Mills v. Sweeney, 219 N.Y. 213 (1916)
A municipality cannot enact ordinances for public policy referendums without explicit legislative authority, as such power is not implied from general welfare clauses and is reserved to the state legislature.
Summary
This case concerns a taxpayer’s action to prevent the City of Buffalo from spending public funds to publish election notices for a public policy referendum authorized by a city ordinance. The New York Court of Appeals addressed whether the city’s common council had the authority to enact such an ordinance under the city charter’s general welfare clause. The Court held that the general welfare clause did not grant the power to enact an ordinance involving a referendum, as the state legislature reserves the power to deal with referendums directly and in express terms. The ordinance was deemed invalid, and the injunction against publishing the notices was upheld.
Facts
- The City of Buffalo’s common council enacted an ordinance allowing for public policy questions to be submitted to voters via referendum upon petition by 5% of registered voters or by a resolution of the Common Council.
- The ordinance required the city clerk to publish notices of the referendum questions in daily newspapers.

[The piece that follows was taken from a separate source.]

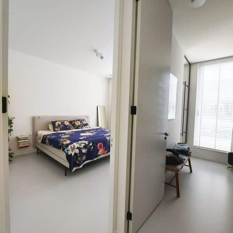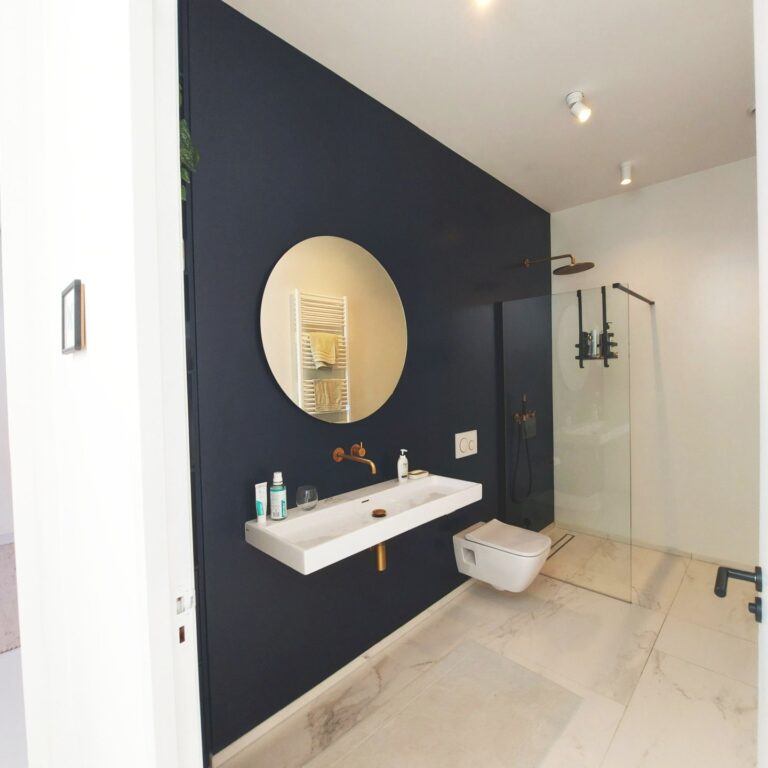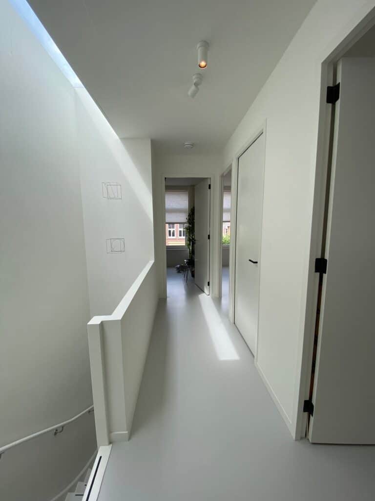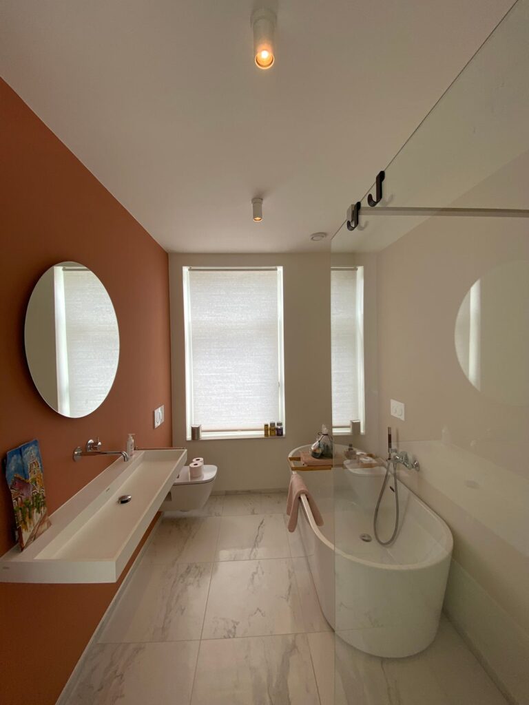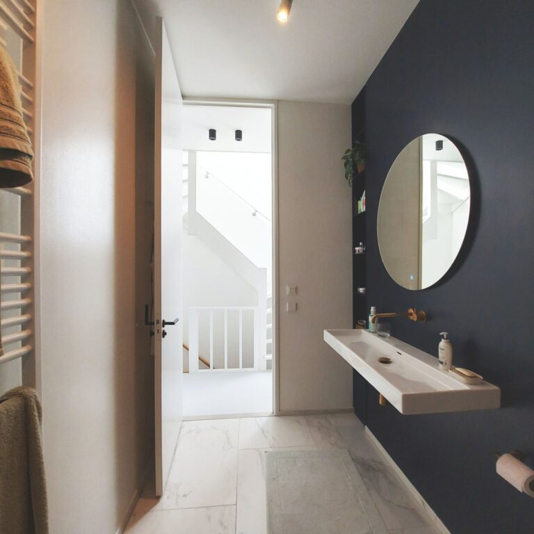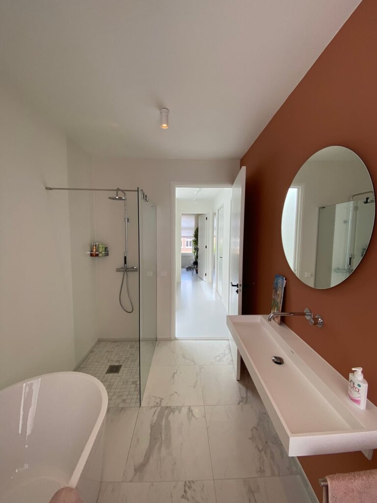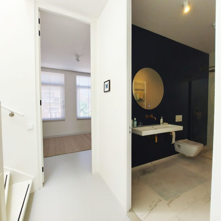 Overloop. Zeer ruime slaapkamer aan voorzijde. Luxe badkamer met inloopdouche, hangend toilet en wastafel. Ruime slaapkamer aan de achterzijde met een walk-in closet en toegang tot het dakterras (Zuiden).

- A taxpayer brought an action to restrain the expenditure of public money to publish the election notices, arguing the ordinance was illegal.
Procedural History
- The lower court ruled in favor of the taxpayer, enjoining the city from publishing the notices.
- The Appellate Division certified questions to the New York Court of Appeals regarding the common council’s power to enact the ordinance and whether subsequent legislative enactments ratified it.
Issue(s)
- Whether the common council of the City of Buffalo had the power to enact an ordinance providing for public policy referendums based on the city charter’s general welfare clause.
- Whether the ordinance had been ratified by subsequent legislative enactments.
Holding
- No, because the general welfare clause does not grant the common council the authority to enact ordinances involving referendums; this power is reserved to the state legislature.
- No, because the subsequent legislative enactments did not validate the ordinance, as a void ordinance cannot be ratified in such a manner.
Court’s Reasoning
The Court reasoned that the general welfare clause of the city charter, which allowed the Common Council to enact ordinances “for the good government of the city,” did not implicitly grant the power to create a referendum process. The Court emphasized that when the state legislature intends to allow for referendums, it does so explicitly, citing examples in the General City Law, Town Law, Liquor Tax Law, and Village Law. The Court also noted that the city’s charter already contained specific provisions for referendums under certain circumstances, implying that these provisions were exclusive. The Court pointed out the broad and indefinite nature of the ordinance, allowing for potentially useless public action invoked by a small proportion of voters. The court argued that allowing such an ordinance would permit municipalities to infringe upon the spirit and policy of the state, particularly concerning elections. Furthermore, the court cited Dillon’s Municipal Corporations, stating that a municipal corporation cannot adopt bylaws that infringe the spirit or are repugnant to the policy of the state as declared in its general legislation. Regarding ratification, the Court found that the ordinance, being enacted without authority, was void from the start and could not be validated by subsequent general legislative enactments. The Court clarified that it did not question the legislature’s power to provide for advisory referendums but only held that the legislature had not delegated such power to the Buffalo Common Council. The Court emphasized, “All we hold in the present case is that it has not delegated the power to provide for such a referendum in Buffalo to the common council of that city. It certainly has not done so in express terms; and we think it equally clear that it has not done so by implication.”